Retype, without changes or pictures, only the lines that begin at the one containing "We are visiting" and end at the last line of the records that follow.

----

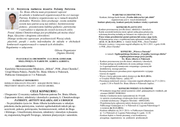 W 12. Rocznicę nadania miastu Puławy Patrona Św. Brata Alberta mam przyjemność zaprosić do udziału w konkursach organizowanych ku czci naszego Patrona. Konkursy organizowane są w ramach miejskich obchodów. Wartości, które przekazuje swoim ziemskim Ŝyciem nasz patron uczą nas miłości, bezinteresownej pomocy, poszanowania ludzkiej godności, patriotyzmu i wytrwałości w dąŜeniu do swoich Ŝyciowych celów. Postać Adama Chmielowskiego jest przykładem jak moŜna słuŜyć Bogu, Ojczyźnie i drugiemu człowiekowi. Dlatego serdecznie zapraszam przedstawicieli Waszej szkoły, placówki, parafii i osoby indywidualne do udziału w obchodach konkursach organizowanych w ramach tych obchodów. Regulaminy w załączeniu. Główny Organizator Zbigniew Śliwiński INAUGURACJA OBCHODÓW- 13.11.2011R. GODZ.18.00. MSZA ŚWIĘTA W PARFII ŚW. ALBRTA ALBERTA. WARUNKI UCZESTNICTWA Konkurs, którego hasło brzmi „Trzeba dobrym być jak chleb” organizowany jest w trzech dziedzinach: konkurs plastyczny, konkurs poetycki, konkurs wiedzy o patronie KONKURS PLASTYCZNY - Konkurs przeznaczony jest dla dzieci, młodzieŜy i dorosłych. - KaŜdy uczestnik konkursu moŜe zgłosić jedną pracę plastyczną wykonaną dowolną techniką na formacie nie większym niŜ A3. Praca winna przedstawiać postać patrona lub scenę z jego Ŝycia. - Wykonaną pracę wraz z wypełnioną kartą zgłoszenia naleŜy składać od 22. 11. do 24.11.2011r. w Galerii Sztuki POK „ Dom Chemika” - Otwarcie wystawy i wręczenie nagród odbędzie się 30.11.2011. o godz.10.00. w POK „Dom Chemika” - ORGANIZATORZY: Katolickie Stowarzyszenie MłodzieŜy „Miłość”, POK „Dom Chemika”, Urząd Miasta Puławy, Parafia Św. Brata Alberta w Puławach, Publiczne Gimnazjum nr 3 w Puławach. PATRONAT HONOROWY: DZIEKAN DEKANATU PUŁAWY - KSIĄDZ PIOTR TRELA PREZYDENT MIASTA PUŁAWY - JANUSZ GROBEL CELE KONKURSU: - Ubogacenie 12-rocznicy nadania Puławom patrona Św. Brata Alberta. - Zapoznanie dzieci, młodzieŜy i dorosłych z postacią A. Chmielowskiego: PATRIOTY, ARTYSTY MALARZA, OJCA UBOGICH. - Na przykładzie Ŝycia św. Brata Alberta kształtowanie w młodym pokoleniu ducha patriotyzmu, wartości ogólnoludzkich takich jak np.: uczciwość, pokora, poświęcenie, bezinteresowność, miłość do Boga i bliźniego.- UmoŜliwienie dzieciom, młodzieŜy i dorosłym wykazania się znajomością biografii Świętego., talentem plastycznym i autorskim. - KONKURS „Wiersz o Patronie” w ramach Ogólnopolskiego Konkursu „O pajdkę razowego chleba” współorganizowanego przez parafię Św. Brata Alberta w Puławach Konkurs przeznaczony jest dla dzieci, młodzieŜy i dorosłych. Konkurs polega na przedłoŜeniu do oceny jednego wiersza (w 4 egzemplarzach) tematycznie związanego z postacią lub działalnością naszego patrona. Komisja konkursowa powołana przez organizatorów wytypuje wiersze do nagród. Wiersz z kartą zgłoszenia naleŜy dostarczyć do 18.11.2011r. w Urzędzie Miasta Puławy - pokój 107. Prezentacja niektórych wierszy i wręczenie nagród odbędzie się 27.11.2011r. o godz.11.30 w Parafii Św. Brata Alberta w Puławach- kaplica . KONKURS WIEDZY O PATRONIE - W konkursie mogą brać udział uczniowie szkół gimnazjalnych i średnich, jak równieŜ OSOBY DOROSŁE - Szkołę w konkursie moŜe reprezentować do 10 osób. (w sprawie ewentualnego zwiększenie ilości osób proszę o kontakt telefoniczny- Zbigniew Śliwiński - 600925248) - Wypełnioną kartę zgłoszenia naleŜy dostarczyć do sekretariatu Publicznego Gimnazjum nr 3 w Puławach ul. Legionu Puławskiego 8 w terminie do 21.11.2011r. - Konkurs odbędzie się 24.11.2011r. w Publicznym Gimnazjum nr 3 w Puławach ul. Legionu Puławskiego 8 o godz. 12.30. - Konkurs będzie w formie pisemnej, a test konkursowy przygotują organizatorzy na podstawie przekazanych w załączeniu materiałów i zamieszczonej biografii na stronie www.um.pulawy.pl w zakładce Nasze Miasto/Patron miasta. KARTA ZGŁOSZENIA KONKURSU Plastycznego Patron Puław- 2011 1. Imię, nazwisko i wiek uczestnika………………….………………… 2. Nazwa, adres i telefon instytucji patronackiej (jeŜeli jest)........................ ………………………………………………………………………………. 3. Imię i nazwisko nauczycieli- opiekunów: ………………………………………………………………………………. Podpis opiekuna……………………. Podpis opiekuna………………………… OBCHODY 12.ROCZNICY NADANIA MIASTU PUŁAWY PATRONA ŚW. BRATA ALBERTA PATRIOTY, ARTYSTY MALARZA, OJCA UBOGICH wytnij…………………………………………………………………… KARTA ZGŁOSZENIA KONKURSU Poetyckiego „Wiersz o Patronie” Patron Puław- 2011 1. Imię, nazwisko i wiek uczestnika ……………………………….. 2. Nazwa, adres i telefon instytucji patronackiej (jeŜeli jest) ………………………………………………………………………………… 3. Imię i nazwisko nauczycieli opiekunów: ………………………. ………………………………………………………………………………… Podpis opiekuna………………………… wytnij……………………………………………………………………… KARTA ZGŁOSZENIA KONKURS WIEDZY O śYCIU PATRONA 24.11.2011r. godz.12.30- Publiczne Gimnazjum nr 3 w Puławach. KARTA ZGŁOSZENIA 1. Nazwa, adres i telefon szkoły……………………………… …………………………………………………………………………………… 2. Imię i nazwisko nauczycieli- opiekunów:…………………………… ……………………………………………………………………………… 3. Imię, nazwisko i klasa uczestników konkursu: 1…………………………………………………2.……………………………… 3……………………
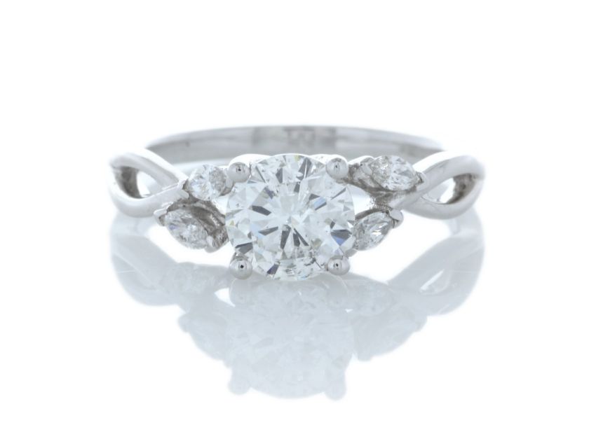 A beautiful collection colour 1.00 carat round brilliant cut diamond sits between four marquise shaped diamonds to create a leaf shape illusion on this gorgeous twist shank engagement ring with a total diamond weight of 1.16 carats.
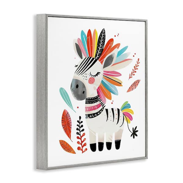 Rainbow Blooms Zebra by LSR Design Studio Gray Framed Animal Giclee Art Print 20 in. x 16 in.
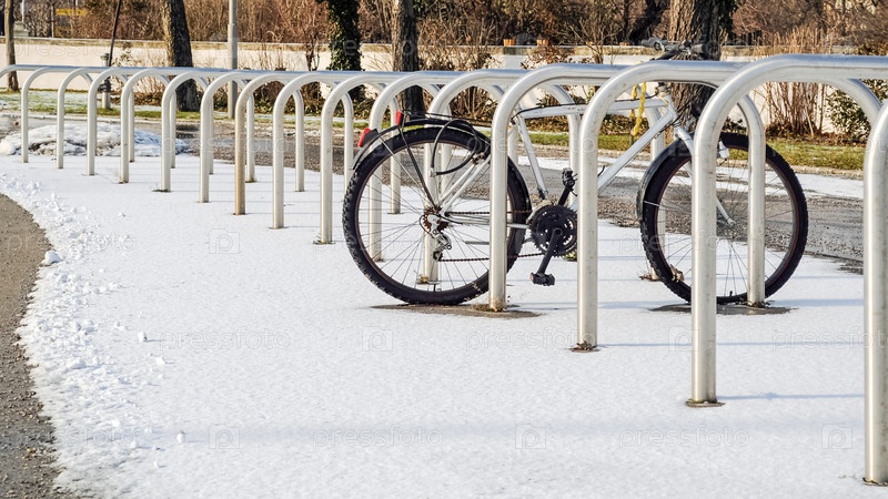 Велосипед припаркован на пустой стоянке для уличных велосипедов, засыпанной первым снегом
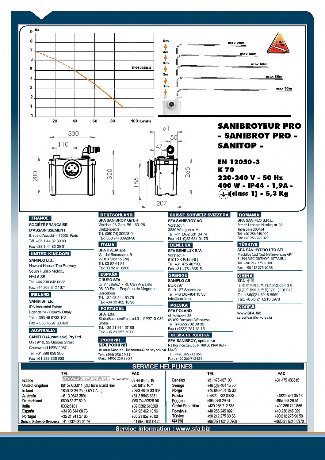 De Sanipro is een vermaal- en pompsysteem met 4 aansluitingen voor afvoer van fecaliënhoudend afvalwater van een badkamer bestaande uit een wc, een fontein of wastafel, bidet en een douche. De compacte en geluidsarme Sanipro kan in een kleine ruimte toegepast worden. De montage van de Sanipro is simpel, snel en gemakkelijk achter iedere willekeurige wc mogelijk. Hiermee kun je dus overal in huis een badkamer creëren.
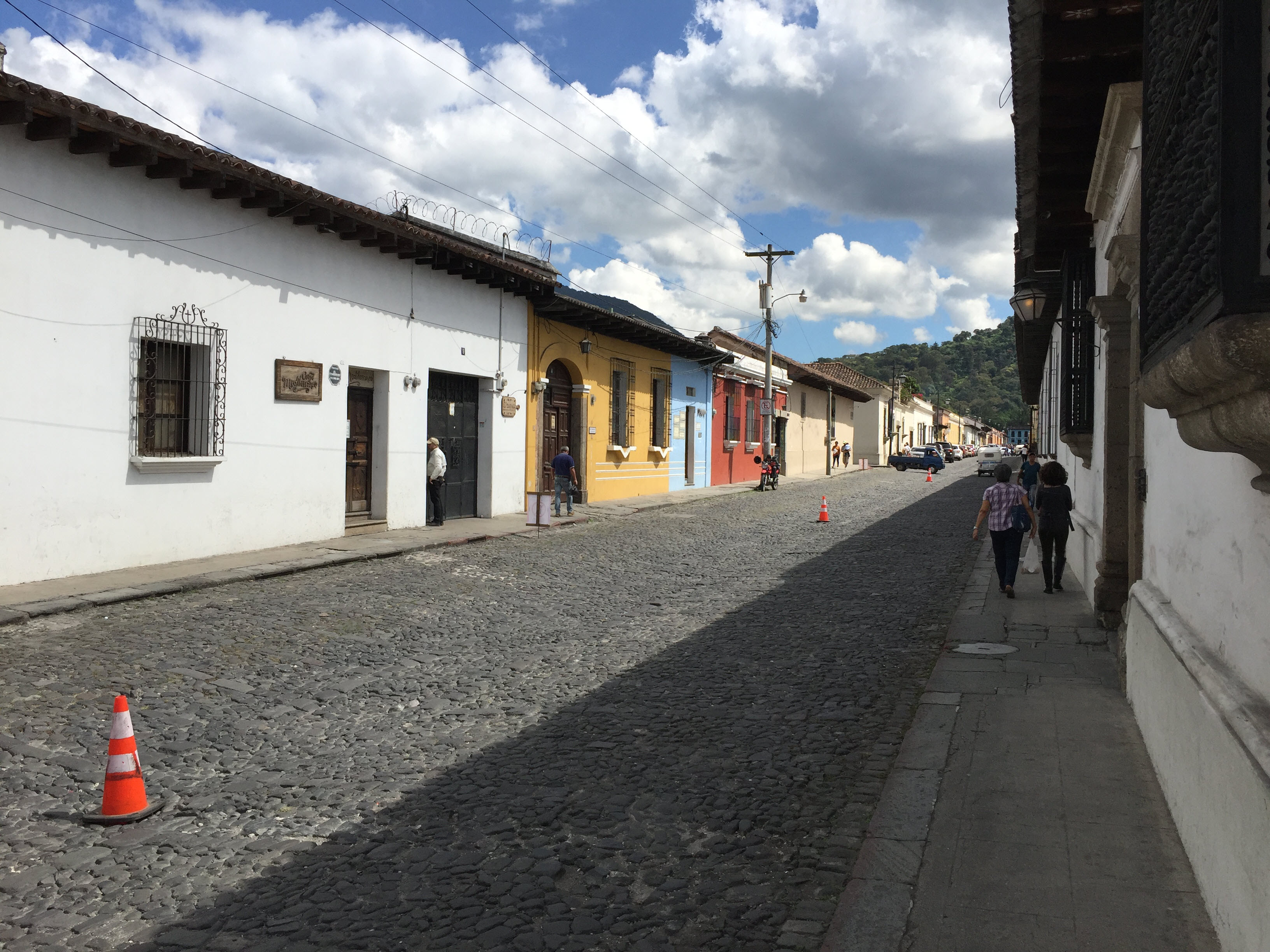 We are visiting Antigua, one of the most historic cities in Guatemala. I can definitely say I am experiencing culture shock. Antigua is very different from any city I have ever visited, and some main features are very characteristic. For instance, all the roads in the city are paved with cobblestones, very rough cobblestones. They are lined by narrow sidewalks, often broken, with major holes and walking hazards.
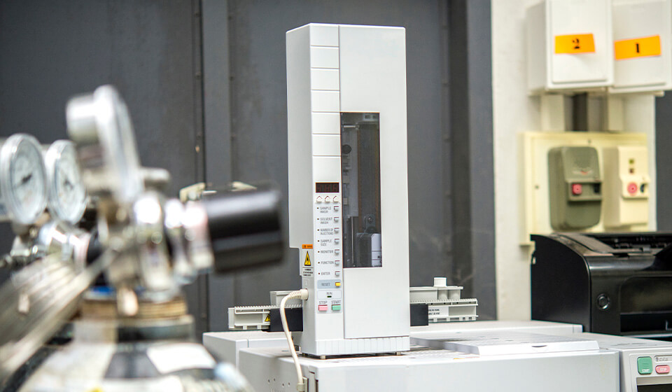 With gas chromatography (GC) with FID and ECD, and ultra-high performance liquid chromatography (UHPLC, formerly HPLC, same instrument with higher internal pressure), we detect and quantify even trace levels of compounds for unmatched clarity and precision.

----

Answer to this task:
 We are visiting Antigua, one of the most historic cities in Guatemala. I can definitely say I am experiencing culture shock. Antigua is very different from any city I have ever visited, and some main features are very characteristic. For instance, all the roads in the city are paved with cobblestones, very rough cobblestones. They are lined by narrow sidewalks, often broken, with major holes and walking hazards.
 With gas chromatography (GC) with FID and ECD, and ultra-high performance liquid chromatography (UHPLC, formerly HPLC, same instrument with higher internal pressure), we detect and quantify even trace levels of compounds for unmatched clarity and precision.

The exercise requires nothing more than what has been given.